Category Archives: Friends

The Day

Mid-Summer                                                                 Waxing Honey Flow Moon

The card gods have failed to smile on me the last three months.  Paying me back for that lucky streak, teaching me–again–humility.  But.  Bill Schimdt, with brother Pat over his shoulder, won big tonight.  Congratulations to Bill and Pat.

Kate walked into the surgeon’s office with only a cane for assistance two weeks to the day after her surgery.  She moves well without the cane and will not need physical therapy.  Soon she will be walking free from hip pain for the first time in 15 to 20 years.  There are miracles and we don’t need the supernatural to explain them.  Skill, pluck and advancing knowledge, they’re enough.
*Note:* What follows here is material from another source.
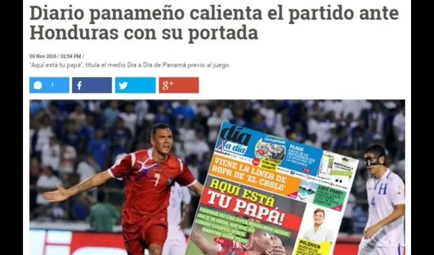 No, lo mencionamos porque la portada que publicó ayer día a día, titulada "Aquí está tu papá", en referencia a que los catrachos no han podido superar a Panamá desde el 2000, provocó "ronchas" entre algunos medios hondureños.

Brother Mark spent the day slogging it out door to door in his search for a job.  This takes toughness and he admitted it took him some time to work up his nerve, but once he got into it, he applied several places and has a possible call back tomorrow.  Way to go Mark.

In reading the book, The Death of the Liberal Class, my fire for economic justice relit.  Those of who can must fight.  Socialism is not a bad word.  A capitalist economy that punishes the poor and siphons money from them to the rich has no moral standing.  We need to strike back against it.  Just how, what these times offer as alternatives, I don’t know.  But I intend to find out.

Yama

Beltane                                                                                Waxing Garlic Moon

Still learning about fruit tree management.  Gonna go out and inspect the fruit trees one by one on a ladder this morning.  Then, mid-morning, the bees.  Later, tai-chi starts up again.

A busy week ahead so tomorrow is a Latin day.  I will be in the story of Pentheus for some time, Book III: 509-730.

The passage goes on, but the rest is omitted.